__Work required__.
Starting with the line that has "Новый пароль указывается" and finishing with the line that has "Kurta Style: Hand", set down each line below exactly. Pictures are not copied.

__Dataset records__.
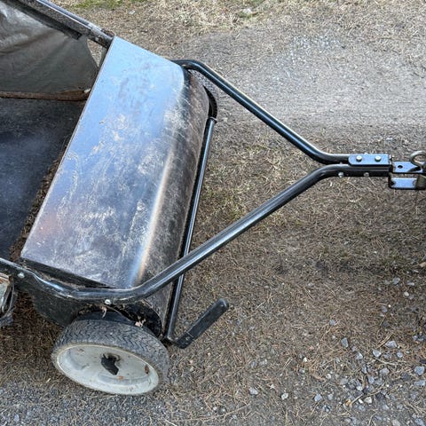 Ajoleikkuriin kiinnitettävä lehtikerääjä. Laitteessa on oranssi keruuyksikkö ja metallinen vetovarsi vetokoukkuun kiinnitystä varten. Takana on keruupussi johon lehdet ja roskat kerääntyvät.
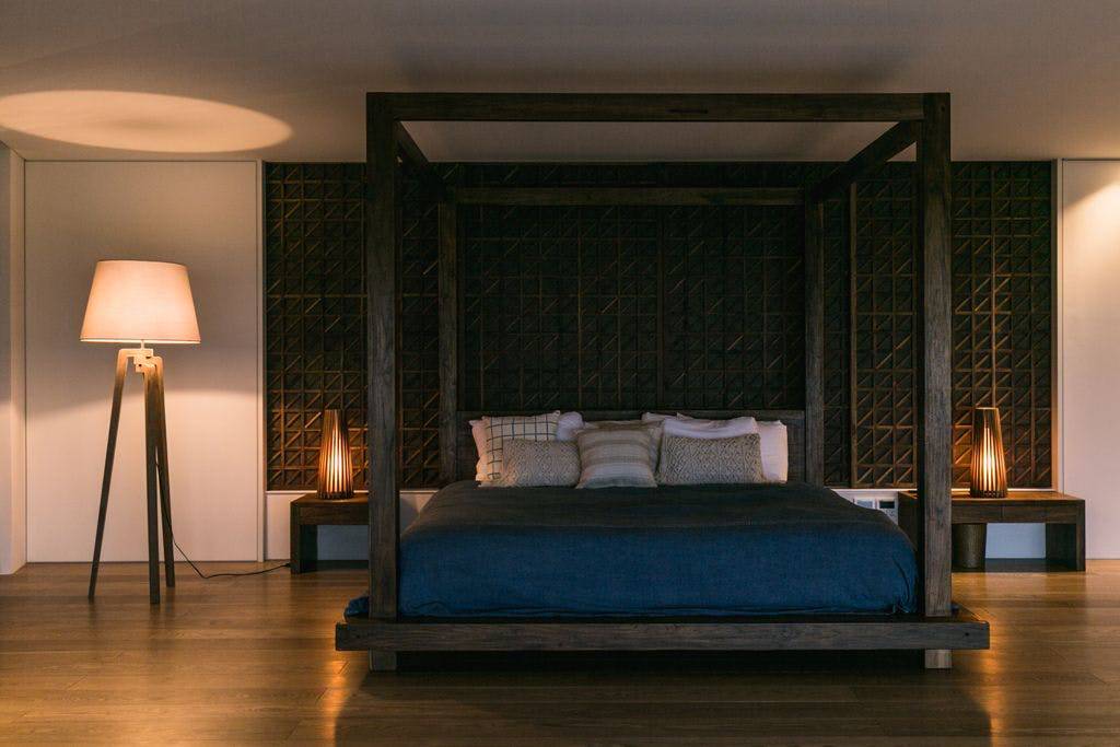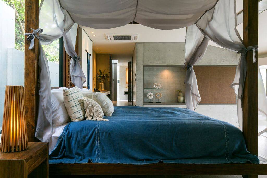 ในส่วนของเตียงนอน ทางวิลล่าจัดเตรียมเตียงแบบคิงไซส์ ขนาด 6 ฟุตไว้ให้ได้นอนพักผ่อน ให้ผู้เข้าพักได้นอนหลับสบายๆ บนเตียงขนาดใหญ่นี้ นอกจากนี้รอบๆ เตียงยังตกแต่งด้วยโครงไม้เพิ่มดีไซน์ให้ดูเก๋ ระหว่างที่นอนชิลล์ๆ บนเตียงก็ยังสามารถเพลิดเพลินกับวิวอันสวยงามของท้องฟ้ากับทะเลที่มาบรรจบกัน ส่วนห้องน้ำนั้นอยู่สุดทางเดิน สามารถใช้เวลาอย่างช้าๆ แช่บ่อจากุชชี่จนหนำใจ
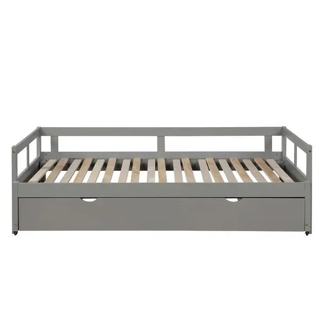 [Twin to King Design] When the trundle is pulled apart, this daybed can be expanded from twin size to King size. The twin size is suitable for children or daily use, but when the guests arrive, King size is the best choice.
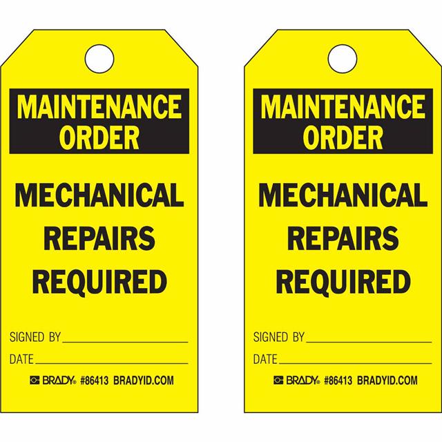 This is manufactured by Brady Corporation. The manufacturer part number is 86413. Label with a size of 5.75" l x 3.00" w (146.0mm x 76.2mm). The product is rohs3 compliant. It is shipped in bulk package . It has a classic black legend, yellow background colour. The product brady®, is a highly preferred choice for users. The product is made from highly stable and reliable polyester. In addition, it is reach unaffected. Its typical moisture sensitivity level is not applicable. A bespoke label is a maintenance order. mechanical repairs required signed by. date. label. It has a long 4 weeks standard lead time.
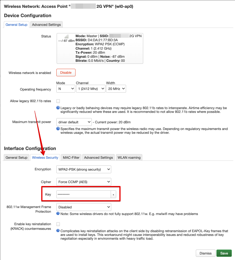 Новый пароль указывается в поле “Key” на вкладке “Wireless Security” в блоке “Interface Configuration”
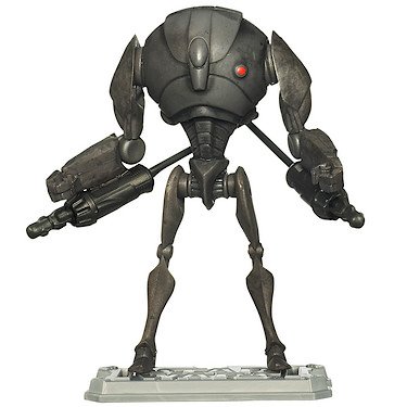A super battle droid is harder to destroy than its more vulnerable predecessor. This powerful droid has a protective body case and built-in double-laser blaster. Once it is unleashed on a target, a super battle droid does not cease advancing and firing its weapons until the object of its attack has been eliminated.
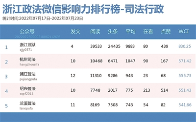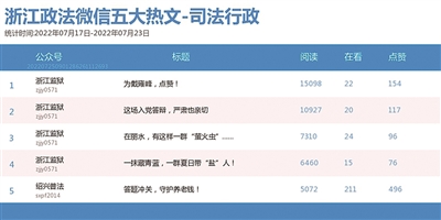 本期司法行政榜,“浙江监狱”又双叒是榜首。前五热文中,4篇来自“浙江监狱”。其中《为戴雍峰,点赞!》一文讲述了省金华监狱四监区辅警戴雍峰勇救溺水儿童的事迹,一起为见义勇为者点赞!
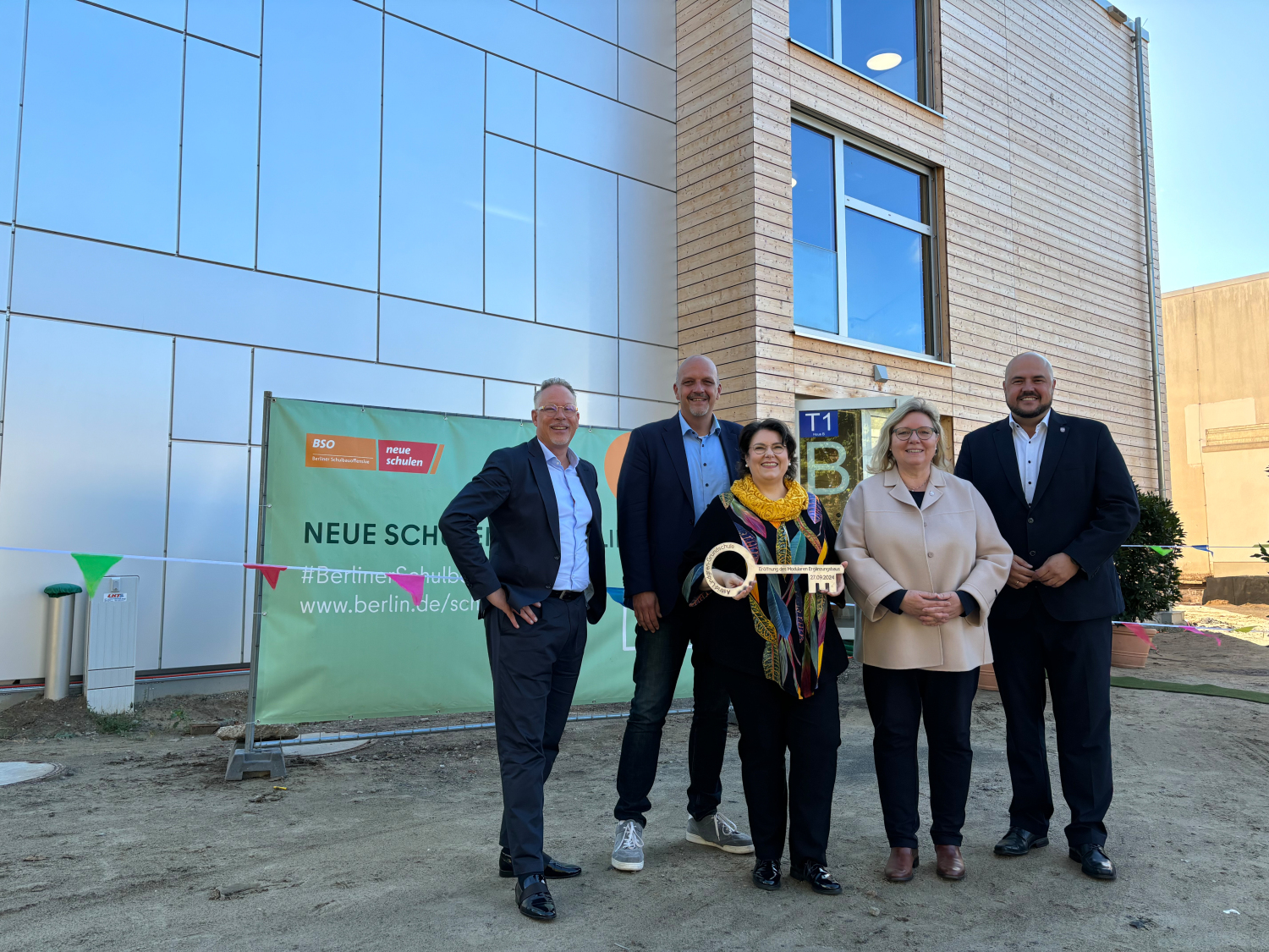 Mit viel Musik, guter Laune und einer symbolischen Schlüsselübergabe wurde am heutigen Freitag der Modulare Ergänzungsbau in Holzbauweise (Holz-MEB) an der Astrid-Lindgren-Grundschule feierlich eröffnet. Unter den Gästen der Schulgemeinschaft um Schulleiterin Gabi Dietrich waren auch Berlins Staatssekretär für Mieterschutz und Wohnen Stephan Machulik, Spandaus Bezirksbürgermeister Frank Bewig und Schulstadträtin Dr. Carola Brückner.
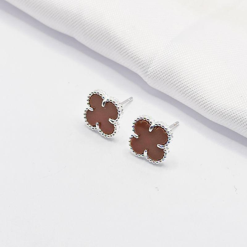 BRINCO PRATA TREVO VAN CLEEF MARROM...
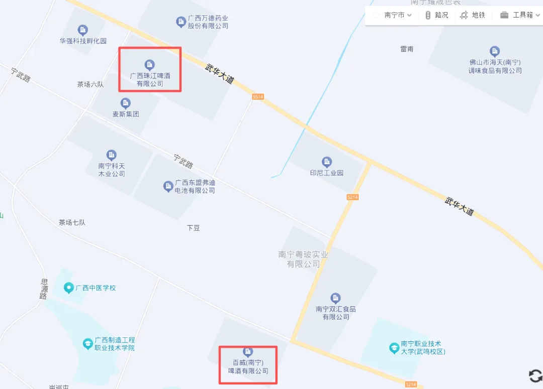南宁本地还有珠江和百威两个啤酒大厂。
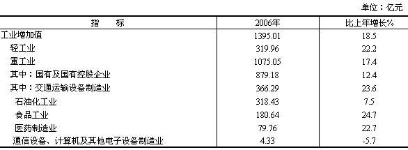 大力開展工業(yè)“提速增效年”活動,全省工業(yè)經(jīng)濟繼續(xù)保持較好發(fā)展水平。工業(yè)生產(chǎn)快速增長。全年規(guī)模以上工業(yè)企業(yè)完成增加值1395.01億元,按可比價格計算,比上年增長18.5
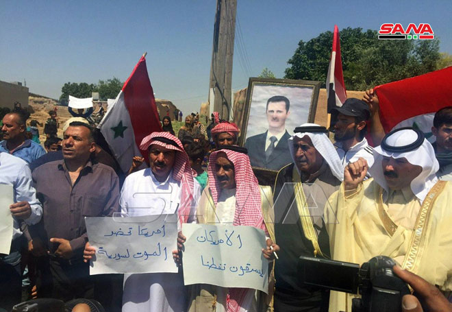 Hassaké – Sana/ La correspondante de SANA a fait noter que les habitants du village de Tartab dans la banlieue de Qamichli avaient organisé aujourd’hui des manifestations contre l’occupation américaine, dans lesquelles, ils ont appelé à la sortie des forces d’occupation de la Syrie.
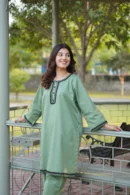 Kurta Style: Hand Embroidered Neckline with hand-style mirror reflection detailing on front placket, Hand embroidered sleeves edges
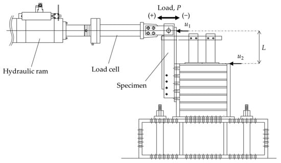 The tests were conducted at a ram head displacement rate of 0.05 mm/s. Cyclic loading comprised a few cycles in the elastic range. Subsequently, cantilever rotations of θp, 2θp, and 3θp with positive (tension) and negative (compression) displacement at each amplitude were conducted until failure. The full plastic moment Mp was calculated using the measured yield strengths of the materials. The rotations at the full plastic moment θp were calculated by dividing Mp by the elastic stiffness of the cantilever, which was determined using the slopes at the unloading portions of the hysteresis loops.
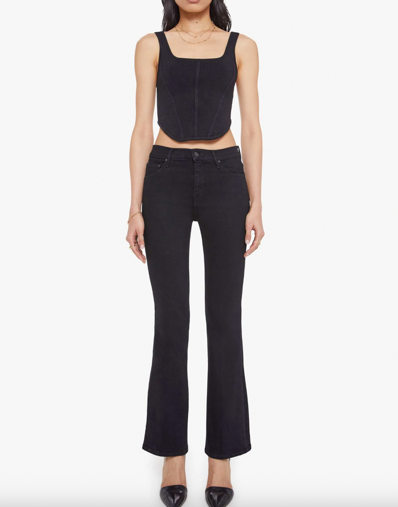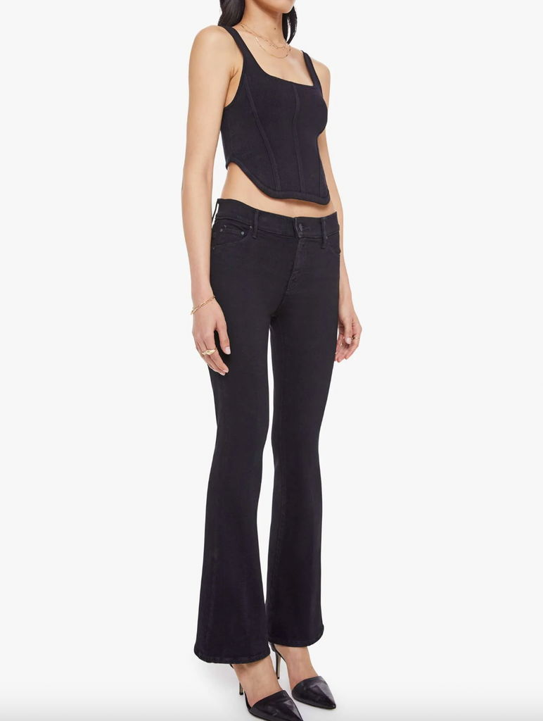 Sweet dreams. This cult-favorite flare jean has a mid rise with a 31-inch inseam and a clean hem. Cut from denim with a touch of stretch, Nighty Night is a dark black with tonal hardware.

__Answer__.
 Новый пароль указывается в поле “Key” на вкладке “Wireless Security” в блоке “Interface Configuration”
A super battle droid is harder to destroy than its more vulnerable predecessor. This powerful droid has a protective body case and built-in double-laser blaster. Once it is unleashed on a target, a super battle droid does not cease advancing and firing its weapons until the object of its attack has been eliminated.
 本期司法行政榜,“浙江监狱”又双叒是榜首。前五热文中,4篇来自“浙江监狱”。其中《为戴雍峰,点赞!》一文讲述了省金华监狱四监区辅警戴雍峰勇救溺水儿童的事迹,一起为见义勇为者点赞!
 Mit viel Musik, guter Laune und einer symbolischen Schlüsselübergabe wurde am heutigen Freitag der Modulare Ergänzungsbau in Holzbauweise (Holz-MEB) an der Astrid-Lindgren-Grundschule feierlich eröffnet. Unter den Gästen der Schulgemeinschaft um Schulleiterin Gabi Dietrich waren auch Berlins Staatssekretär für Mieterschutz und Wohnen Stephan Machulik, Spandaus Bezirksbürgermeister Frank Bewig und Schulstadträtin Dr. Carola Brückner.
 BRINCO PRATA TREVO VAN CLEEF MARROM...
南宁本地还有珠江和百威两个啤酒大厂。
 大力開展工業(yè)“提速增效年”活動,全省工業(yè)經(jīng)濟繼續(xù)保持較好發(fā)展水平。工業(yè)生產(chǎn)快速增長。全年規(guī)模以上工業(yè)企業(yè)完成增加值1395.01億元,按可比價格計算,比上年增長18.5
 Hassaké – Sana/ La correspondante de SANA a fait noter que les habitants du village de Tartab dans la banlieue de Qamichli avaient organisé aujourd’hui des manifestations contre l’occupation américaine, dans lesquelles, ils ont appelé à la sortie des forces d’occupation de la Syrie.
 Kurta Style: Hand Embroidered Neckline with hand-style mirror reflection detailing on front placket, Hand embroidered sleeves edges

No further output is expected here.